The visitors were outplayed on a turning pitch where R Ashwin bagged 12 wickets and MS Dhoni scored an outstanding double hundred. Virat Kohli's fourth hundred only added to Australia's misery. However, despite all the talk of how much the pitch aided the Indian spinners, Clarke was not the one to use that as an excuse for a poor performance.
"I don't think we bowled well enough in our first innings, and we certainly didn't bat well enough in our second innings," Clarke said after the Test finished inside the first session on Day 5.
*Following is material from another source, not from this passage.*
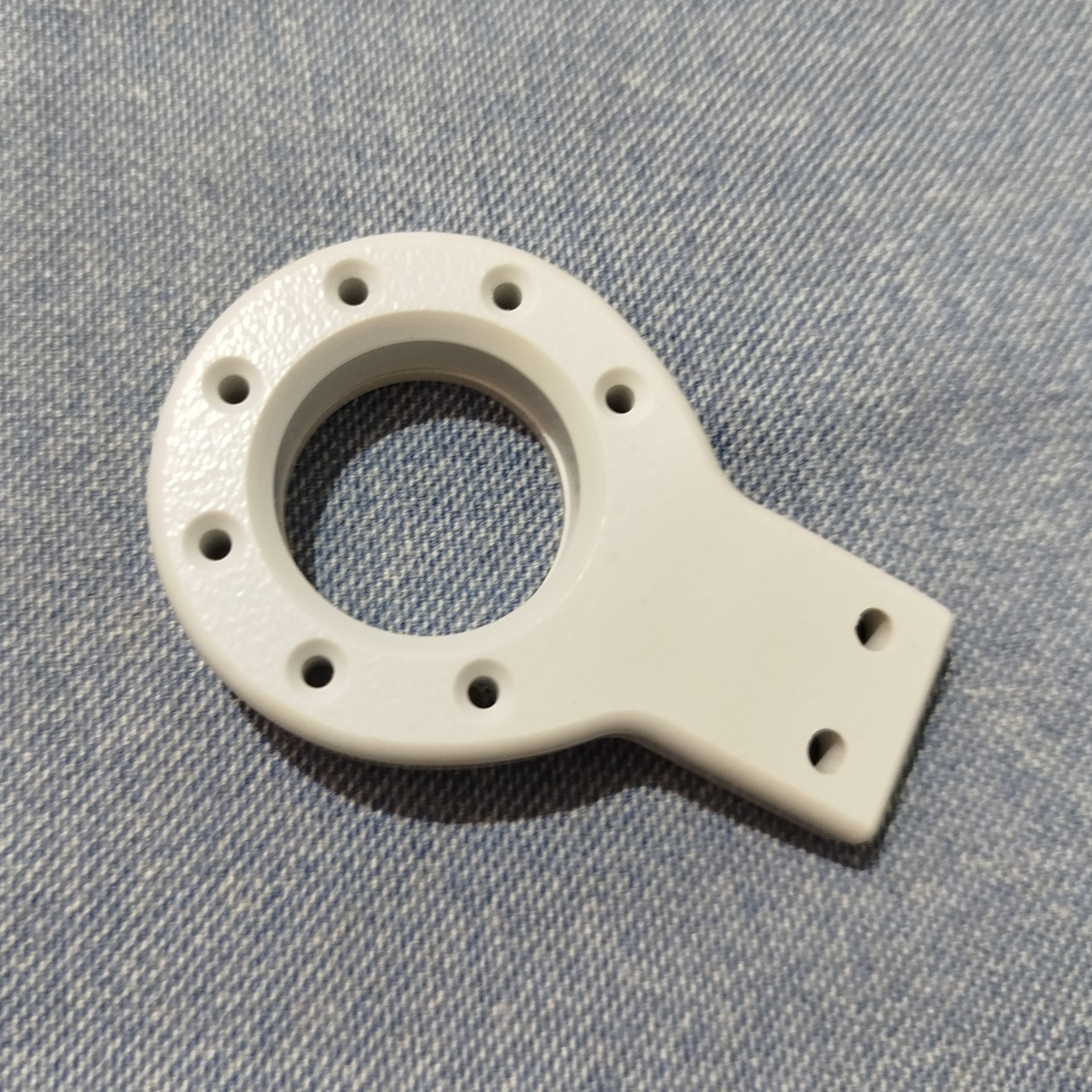 Peça plástica branca circular com furos em tecido azul claro

The Aussie skipper, who scored a gritty hundred in the first innings to help Australia post a healthy 380, did not believe he had missed a trick by not including a second specialist spinner in the team - India looked vulnerable at one point on Day 3 when Nathan Lyon got the ball to turn sharply off the pitch and even removed Sachin Tendulkar. But the lack of back-up for the off-spinner allowed the hosts to build on a brilliant partnership between Dhoni and Kohli, a stand that took the game away from the Aussies.
"It's not just about selection. It's about how you perform." said Clarke.
"There were areas in the Indian team we didn't attack enough," explained Clarke, adding, "If we'd got 150 or 200 on the board (in the second innings), we might have been able to expose, or at least see how they played on a deteriorating wicket."
Clarke was gracious enough to accept that India were the better team, saying the hosts played outstanding cricket and they deserved the victory.
"A lot of credit has to go to India," said Clarke.
Besides the skipper himself and debutante Moises Henriques, who scored 68 and 81 not out, the other batsmen failed and that did seem to bother Clarke but he was still not convinced about a change in the batting order.